WeChat is a kind of "OTT" (Over the Top) service, referring to when internet companies develop certain data services without telecom operators' permission. Application services offered by Google, Apple, Skype and Netflix in mobile stores fall into this category, as do QQ, WeChat and NV (network video) in China.

Now many OTT service providers directly serve their users and collect fees, leaving operators like China Mobile who serve as the "information pipeline" without any economic benefit.

iFreeTalk (畅聊) for example, has features like SMS and free calling. It attracted nearly one million young users soon after it got financing and entered the market. But it hasn't turned a profit.

Small OTT companies like iFreeTalk abound. Not only do they need to pay salaries for online staff and promotion, but they also have to compete with giant companies that have enormous user bases and deep pockets.

So if China Mobile starts charging for OTT services, small companies like iFreeTalk will disappear. If that happens, China Mobile will only strengthen Tencent's position in the market at the expense of greater competition.

Another issue is how to charge. One way is to make customers pay a monthly fee to use WeChat, which is currently free, and then divide the profits between Tencent and China Mobile. But is it reasonable for China Mobile to share profits for Tencent's own app just because it provides the "information pipeline?" That would be like a restaurant achieving great success, then a utility provider like the water company demanding a fixed percentage of the profits.

It seems rather ridiculous, but China Mobile as the utility operator is considering it.

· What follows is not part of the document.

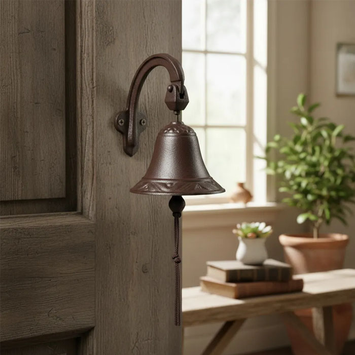 Transforma tus espacios con esta Campana de Hierro diseñ bisagra. Este elegante accesorio combina funcionalidad y estilo, ideal para quienes buscan un toque distintivo en su hogar. Su diseño robusto y atractivo se adapta a diversas decoraciones, desde lo rústico hasta lo contemporáneo. Fabricado en hierro de alta calidad, este adorno no solo es visualmente impactante, sino también duradero. Su acabado cuidado resalta la belleza del material, convirtiéndolo en un elemento decorativo que perdura en el tiempo. Perfecto para entradas, salas o cualquier pared que necesite un acento especial. La campana no solo es un elemento decorativo, sino que también puede ser utilizada para dar la bienvenida a tus invitados. Su sonido suave y melodioso añade un toque acogedor a cualquier ambiente. Ideal para quienes valoran la estética y la funcionalidad en su hogar. Incorpora este adorno en tu decoración y observa cómo transforma la atmósfera de tu espacio. Es una opción perfecta para quienes desean expresar su estilo personal y crear un ambiente cálido y acogedor. Medidas. Campana 10 cm. Figura 10 cm.

The more reasonable alternative seems to be China Mobile using its "pipeline" to charge for WeChat by making users pay for the extra internet traffic in their phone package fees. But China Mobile is afraid to do this because raising its phone package prices will be unpopular and may cost the company customers.

Actually, China Mobile has pushed some of its own OTT services like Fetion (飞信) through package promotions, free texting and MMS (multimedia message), which gives it some advantages over other OTT services.

However, this is an era of free market competition where the preferences of users rule.

Fetion hasn't been popular, which tells us all we need to know: it's not the future of China Mobile.

Without its own OTT service, the only way that China Mobile can become part of the action is to cooperate with other companies and support them.